The Tax advantages of Trading Options in an IRA

Option Trading in Retirement Accounts Series





So we've already looked at the questions of Can you trade options in an IRA? (yes) and Should you trade options in an IRA? (yes - as long as you understand options, understand the risks, and have a plan).

Now, in this article, we're going to address a key benefit or advantage of trading options in either a Roth or a Traditional IRA - taxes.



The Disadvantages of Retirement Accounts

As I've explained elsewhere, I'm not saving for retirement (I'm investing for the here and now).

I realize that my position is somewhat controversial, and I'm not trying to persuade anyone to follow my example, but there are some negative aspects to retirement accounts that rarely get discussed.

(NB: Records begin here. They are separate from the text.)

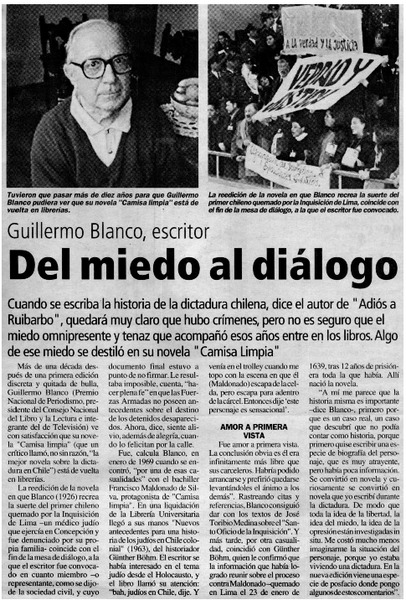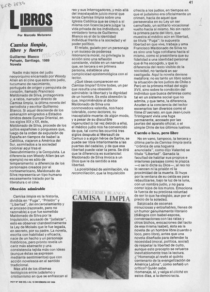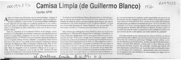 Camisa limpia (de Guillermo Blanco) [artículo] Apir.
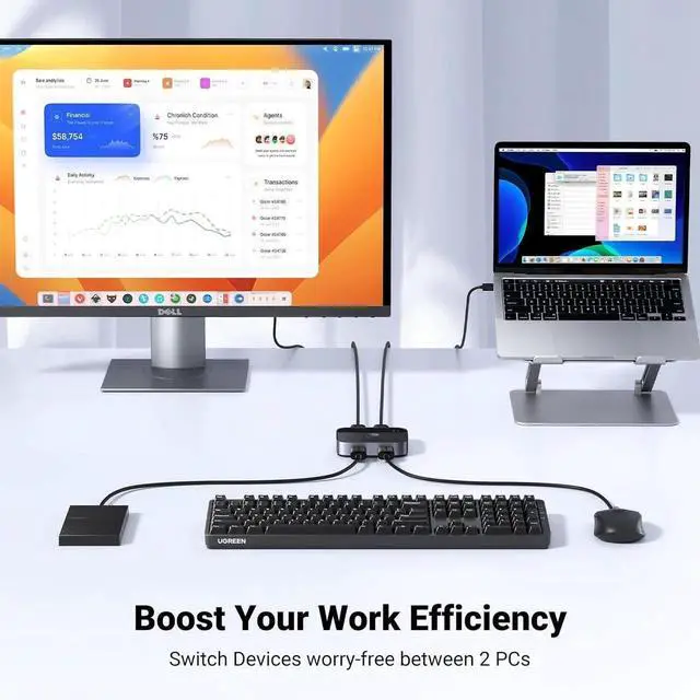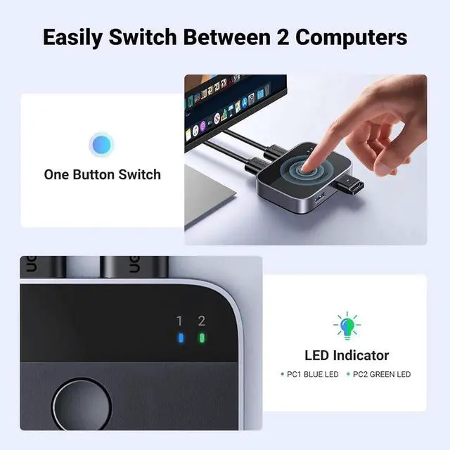 2 PCs Share Multiple Devices: UGREEN 2 in 2 out USB switch supports 2 computers sharing 2 USB devices like keyboards, mouses, printers, webcam and more. Switch freely between your work computer and personal laptop, boost your work efficiency.
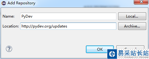 輸入name,然后location(http://pydev.org/updates),點擊OK

My chief complaint against retirement accounts is simply that you can't benefit from your investments until you're actually retired.

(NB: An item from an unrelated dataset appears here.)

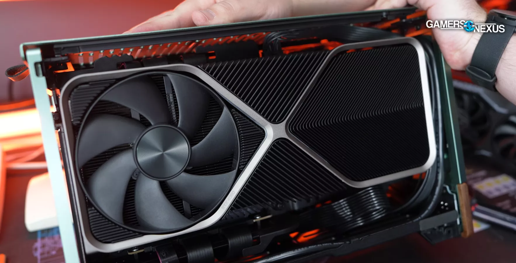 That would have the GPU clearance at 43mm depth, which would fit a 2.0-slot card with about 1-3mm of clearance, depending on tolerances. The maximum GPU cooler space is 72mm, which would have the CPU clearance at a heavily reduced 48mm. A 4090 FE is about 61mm wide - but it wouldn’t clear vertically. More on that later.

(I guess that's why they call them retirement accounts after all.)

But as I said in Part 2 of my Why I'm Not Saving for Retirement series, "I don't believe I should have to wait most of my life in order to experience the rewards of building wealth."

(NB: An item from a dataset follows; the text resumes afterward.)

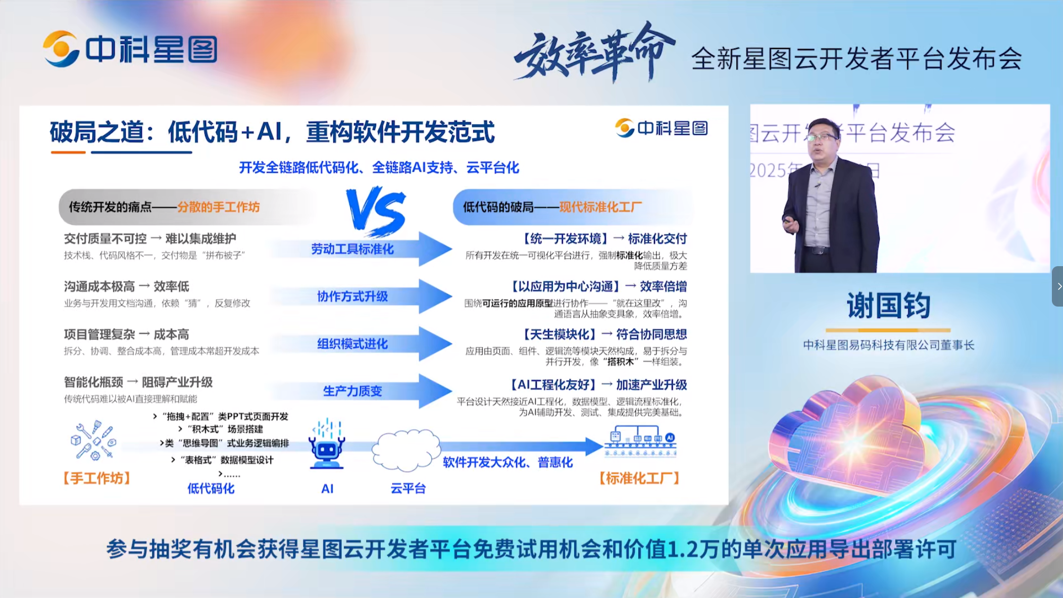 “为了能完成以上的设想其实就可以逐渐完成我们心目中的三个核心的目的。一是更低的成本,第二个是更高的效率,第三就是更广的参与度。总结来说的话就是低代码加AI它带来的不仅仅是一种新的工具,更是一场开发范式的变革。 它将软件开发从依赖个人英雄主义的‘手艺’,变成了可规模化、可度量的‘现代工业’。” ——中科星图易码(无锡)科技有限公司董事长 谢国钧。

And I'm biased, of course, because, as it turned out, I was basically stuck in a job I hated for 6 1/2 out of the 7 years I was there, and I would probably still be in some kind of similar situation if all my personal investing funds were trapped in 401K and IRA accounts.

The transition from gainfully and unhappily employed to self-employment often requires - at least it did in my case - any number of financially creative workarounds.



Tax Advantages of IRAs

OK - enough of the personal history.

Not everyone hates their job (or their boss) or wants to be self-employed, and, of course, you don't even have to be employed in order to open or contribute to an IRA.

And, of course, IRAs contain some very significant tax advantages. So although I've made my own choices, any reasonable person should take a hard look at IRAs and seriously consider them before dismissing them as I have.

Traditional IRAs and Roth IRAs have very different tax structures, although it's not difficult to imagine scenarios where either might make a good choice:

  • Contributions to Traditional IRAs lower your current year's taxable income and thus reduce your overall tax burden, although you will be required to pay taxes on your eventual distributions (since you didn't pay taxes on the income that funded your contributions). But for high wage earners, lowering your current taxable income can make a lot of sense, especially if you're on the edge and it brings you down into a lower tax bracket.
  • Roth IRAs do nothing to lower your current tax bill (although contributions by low income tax filers can sometimes generate a tax credit), but the big advantage here is that no matter how successful your investments are, retirement distributions are 100% tax free.


No Short Term Taxes on Option Trades

It's important that I point out that I'm not a tax attorney or accountant, nor do I play one on the internet. You are solely responsible for screwing up your own taxes, so everything I say here should be independently verified.

And, everything I'm saying here is from a U.S. tax system perspective (apologies to my Canadian, Asian, and European readers and viewers).

Nevertheless, I will still point out that trading options in an IRA - Traditional or Roth - has one huge advantage over trading options in regular non-retirement accounts - and that's the fact that your option trading gains are not taxed.

With a Traditional IRA, you'll eventually pay taxes on it, but it will all be rolled into your eventual distributions and you'll pay the same rate on all that.

But in a Roth IRA, the advantage is ever more pronounced - you won't pay ANY taxes on your gains. Period.

Under current U.S. tax policy - and as a reminder, the only license I possess is the one that allows me to operate a motor vehicle - your option trading gains in a regular, non-retirement account are taxed at your short term capital gains rate (unless you actually do hold a position, such as a LEAPS option, for longer than one year).

Depending on your income levels, that can be a pretty good sized hit. But in a Roth IRA, your gains aren't taxed at either the short term capital gains rate or the long term capital gains rate. They're taxed at the 0% rate.

Maybe it's a good trade off, and maybe it isn't. Ultimately, only you can decide.